Moskova’dan ABD’nin yeni yaptırım tehditlerine tepki
(last modified Sun, 31 Mar 2019 17:03:24 GMT )
Mart 31, 2019 20:03 Europe/Istanbul
  • Moskova’dan ABD’nin yeni yaptırım tehditlerine tepki
    Moskova’dan ABD’nin yeni yaptırım tehditlerine tepki

Amerika ve Rusya devletleri arasındaki ilişkiler özellikle soğuk savaş sonrası dönemde oldukça inişli çıkışlı bir süreç izledi. Buna karşın Ukrayna krizi 2014 yılında patlak verdikten sonra iki ülke arasındaki anlaşmazlıklar farklı boyutlara taşındı ve Amerika yönetimi türlü bahaneleri ileri sürerek Rusya’ya yaptırım uygulamaya başladı.

Amerika devletinin Rusya devletine uyguladığı yaptırımların çeşitli siyasi, diplomatik, ticari, iktisadi, askeri ve enerji alanlarını kapsıyor.

Şimdi ise Amerika’nın Rusya’ya yeni yaptırımları dayatma bahanesi, Moskova yönetiminin Venezuela’da askeri varlığı oldu.

ABD Başkanı Donald Trump 27 Mart Çarşamba günü Rusya’dan Venezuela’daki tüm askeri güçlerini çekmesini istedi.
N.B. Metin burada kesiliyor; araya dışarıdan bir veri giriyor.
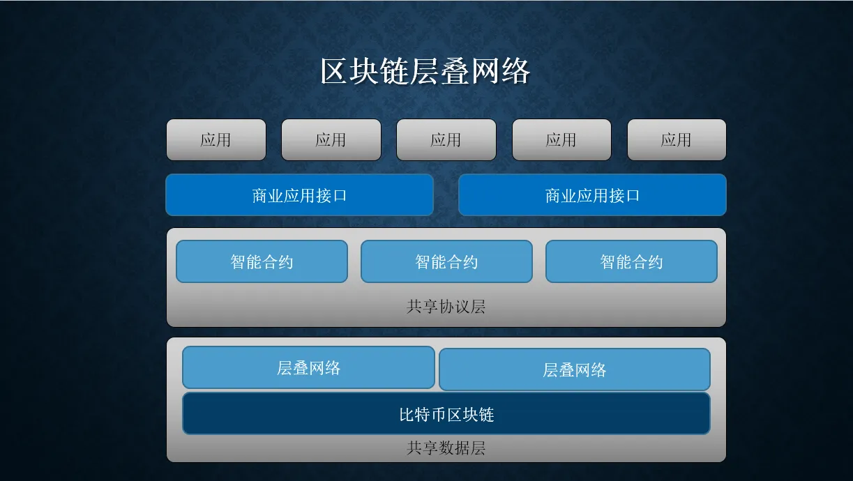 说到区块链,我们不得不说比特币。有人说比特币是虚拟货币,类似某种游戏币,也有人说它是数字黄金,实际上如果光这样认识比特币那就是远远不够的,说到比特币,不得不提比特币存在的这一套系统。这套系统更像是一个帐本,比特币是帐本里面记帐用的数字。为了维持这套系统的正常运行,我们需要程序员为其提供修复漏洞和升级系统的服务,我们也需要矿工通过挖矿也就是记账来保证系统持续的运行,我们更需要用户来使用它建立起信用体系并创造价值,三者谁都不能离不开谁而独立存在。应该说互联网的诞生解决了信息互联的问题,但是没有解决价值互联的问题,或者说在价值互联的问题上解决的不够好,以于于价值不能按照应有的方式来正向传递,生产创造者不能保护自己的应有的权利,剽窃盗用十分严重,因为没有信用记录可查。然而区块链给其上工作的用户打上了时间戳,因为区块链的不可更改性,从而建立了一个不可逆的信用体系。区块链诞生解决了这个让人头疼的问题,它是历史的必然产物,正如前面我们如说,文明发展程度越高,人与人之间的连接越紧密,接触越频繁。比特币作为区块链的第一个应用,就是在这样的时代背景下产生的。比特币的诞生解决了价值交换的功能,但是还没有解决价值绑定后再交换的问题。然而智能合约的出现轻松地解决了这一问题,通过智能合约,社会价值绑定在比特币上再交换,从而实现社会的全面自动化,一个构建在区块链上的层叠结构就这样出现了,如下图所示。
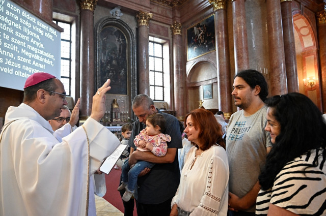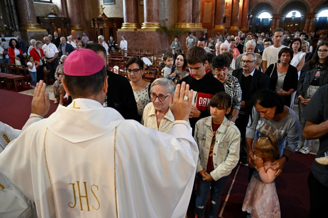 A szentmise végén Székely János püspök áldásban részesítette a nagyszülőket unokáikkal együtt.

Trump aynı zamanda Karakas yönetimine karşı tüm seçeneklerin masada olduğu tehdidini savurdu.

ABD Dışişleri Bakanı Mike Pompeo da Rus mevkidaşı Sergei Lavrov’u telefondan arayarak Moskova yönetimini Venezuela’da gerginlikleri şiddetlendirmekle suçladı. Pompeo da Rusya’yı tehdit ederek ABD ve latin Amerika ülkelerin Rusya’ya karşı tepkisiz kalmayacağını ileri sürdü.

Amerika’nın Venezuela’yı bahane ederek Rusya’ya dayattığı yaptırımları şimdi yeni boyutlar kazandı. Amerika’nın Venezuela işleri özel temsilcisi Eliot Abramz Cumartesi günü yaptığı açıklamada, Washington yönetiminin Rusya’nın Venezuela’daki askeri varlığı yüzünden Moskova’ya yeni yaptırımları uygulamayı gündemine aldığını belirtti. Abramz şöyle dedi:

Washington yönetimi Rusya’nın Venezuela’daki askeri varlığı ile mücadele için çeşitli seçenekleri bulunuyor. Bu seçeneklerden biri, iktisadi yaptırımlardır. Eğer Ruslar Venezuela’da ellerin açık olduğunu düşünüyorsa, yanlış düşünüyorlar demektir.

Amerikalı yetkili Abramz hali hazırda Venezuela’daki Rus askeri varlığının pek fazla olmadığını, ancak bu kadarı bile büyük etki gücüne sahip olduğunu ileri sürdü.

Rusya yönetimi ise şimdiye kadar birçok kez Amerika yönetiminin bu tür suçlamalarını reddetti. Moskova aynı zamanda Amerika yönetimini Venezuela’da askeri darbe yaptırmak bu ülkede iktidarı devirmeye çalışmak ve illegal bir şekilde Venezuela’nın içişlerine karışmakla suçluyor.

Rusya Dışişleri Bakanlığı Sözcüsü Maria Zaharova Cumartesi günü yaptığı açıklamada, Amerika yönetiminin Rusya’yı Venezuela’da askeri varılğı yüzünden daha fazla yaptırım dayatmakla tehdit etmesini ahmaklık niteledi. Rus sözcü Zaharova, Washington yönetiminin şimdiye kadar türlü bahaneleri ileri sürerek Rusya’ya yaptırım dayattığını ve bu yüzden artık Washington’un yaptırımlarını umursamadıklarını, Amerika’nın Rusya’ya dayattığı yaptırım sayısının hesabını bile tutmadıklarını ifade etti.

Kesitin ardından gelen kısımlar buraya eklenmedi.